Pendant l’été, nous avions été de fidèles clients du restaurant La Promesse à Ollioules tenu par Valérie Costa que je connais depuis environ dix ans, lors de sa participation à l’un de mes dîners. Je reçois un mail dont le texte est simple : « Je cuisine le caviar chez Kaviari, à la manufacture rue de l’Arsenal ». Nous répondons favorablement à cette sympathique invitation, sans savoir vraiment ce qui va se passer, et ma femme et moi nous nous présentons dans le 4ème arrondissement à la Manufacture Kaviari dont la devanture est d’une grande discrétion. Il y a juste en façade un esturgeon recroquevillé qu’on ne reconnaît que si l’on fait attention. Lorsqu’on passe la porte il y a un bureau avec de charmantes personnes et on se demande si c’est bien là. Je prononce le nom de Valérie Costa. Les sourires s’éclairent et on nous montre la direction d’un très long couloir. Nous arrivons dans une pièce dont la décoration moderne évoque les pays scandinaves. Ma femme pense immédiatement à Noma le célèbre restaurant danois. Tout ici est joli, accueillant et sympathique. Valérie et son mari Jean Marc nous saluent. Valérie est au fourneau, avec les ingrédients qu’elle va marier ce midi et deux imposantes boîtes de caviar trônent sur le plan de travail, l’une de caviar Kristal qui est relativement clair et l’autre de caviar Osciètre Prestige, beaucoup plus foncé.

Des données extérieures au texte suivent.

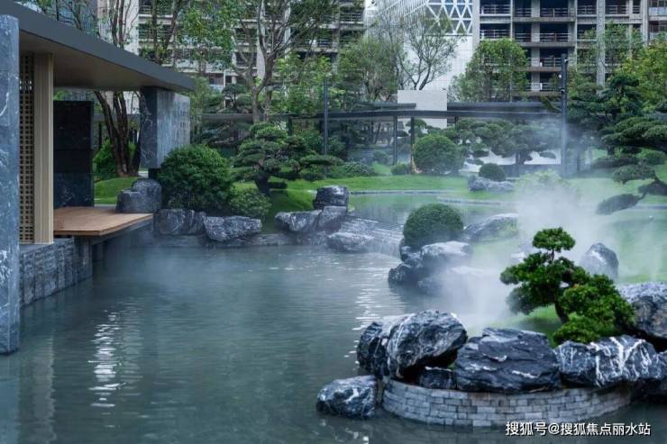 为了增强园林的灵动生命力,还打造有约4900平水系,将黄旗山景和内部园林互相辉映。

Le compagnon du repas sera le Champagne Billecart-Salmon Brut réserve que l’on nous sert généreusement. La table est de dix personnes, table en bois avec des serviettes aux amusants motifs marins. Il y a Karin Nebot, la directrice générale de Kaviari qui nous reçoit, une journaliste belge, un sommelier indépendant connu pour faire de la formation à la dégustation, deux cadres du groupe LVMH en charge des vins du groupe à l’exclusion des champagnes et alcools, une spécialiste renommée des thés qui a participé à mes dîners, l’ambassadrice du champagne, Jean-Marc qui pour la première fois va profiter assis de la cuisine de sa femme sans participer au service, ma femme et moi.

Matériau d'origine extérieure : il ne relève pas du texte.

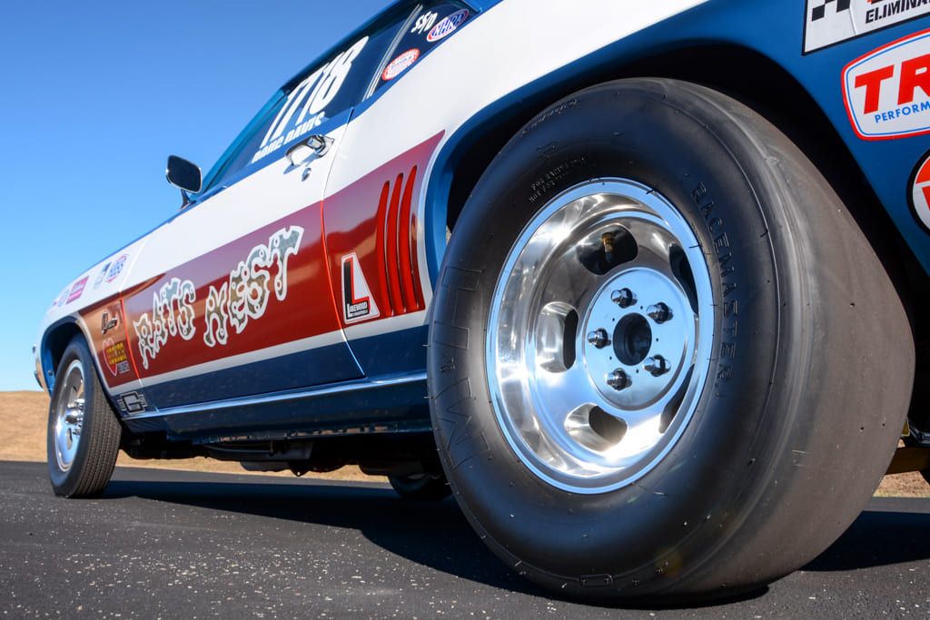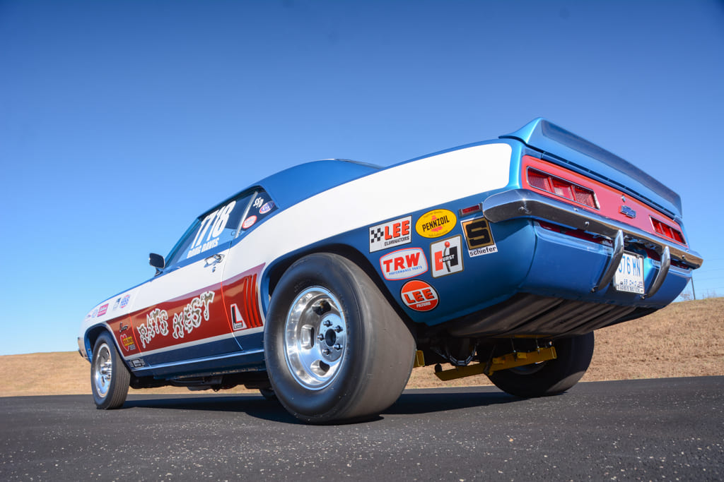 003 Rear low angle view of the 1969 COPO Camaro showing its lifted stance and drag racing tires

Le champagne est absolument excellent, fait des trois cépages dans des proportions relativement équilibrées, dosé à 6 grammes, et qui me ravit par une acidité remarquablement mesurée. C’est un champagne cohérent, champagne de soif dont on ne demande qu’à en reprendre. Nous trinquons debout et rapidement nous passons à table pour une expérience que je n’avais jamais faite. Karin Nebot nous suggère de prendre le caviar sur la peau du dos de la main entre le pouce et l’index comme les vieux fumeurs qui prisaient le tabac. Cette approche du caviar est d’une grande pureté et donne au caviar encore plus de présence naturelle que lorsqu’on le prend à la cuiller. Le caviar est un peu salé et lorsque le palais s’habitue notamment avec du pain, le caviar retrouve un bel équilibre. Il est opulent et bien typé. C’est le Kristal de couleur gris foncé. Il est long en bouche et donne de la longueur au champagne qui en a déjà naturellement.

Le menu composé par Valérie Costa est : langoustines mi- cuites, agrumes et caviar Kristal / œuf de poule basse température, noisettes du Piémont, caviar Osciètre / poulpe, truffe, parmesan, fregola crémeuse / chocolat, fleur d’huile d’olive et or, caviar osciètre.

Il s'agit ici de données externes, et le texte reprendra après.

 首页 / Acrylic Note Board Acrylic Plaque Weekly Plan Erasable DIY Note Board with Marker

Valérie rappelle que le plat de langoustine a été inventé pour un de nos dîners ma femme et moi chez elle. Nous le reconnaissons avec bonheur. Comme pour le plat suivant il y a deux lectures possibles. Soit on le lit comme un plat et on est frappé par son équilibre et la justesse de l’agrume, soit on le lit en fonction du caviar et la langoustine aurait mérité d’être nue, sans l’accompagnement car il aurait trouvé sur la langoustine pure une longueur plus grande. Le plat est délicieux, le caviar est délicieux, mais l’agrume n’a pas joué le rôle de multiplicateur.

Le plat suivant est aussi gourmand, la noisette délicieuse, mais pour mon goût c’est le blanc de l’œuf seul, plus que le reste du plat, qui est le vecteur de la longueur du caviar très précis. C’est pour cela qu’il faut avoir les deux lectures, le plat pour la gourmandise gastronomique et isoler le blanc d’œuf pour trouver la profondeur absolue du caviar.

Le plat de poulpe participe à la renommée de Valérie car ce plat qu’elle adore faire est gourmand et construit. Beaucoup d’amateurs se demandent comment le poulpe peut être aussi bon. Il faut dire aussi que la truffe est abondante et cette truffe d’automne est diablement goûteuse et longue en bouche.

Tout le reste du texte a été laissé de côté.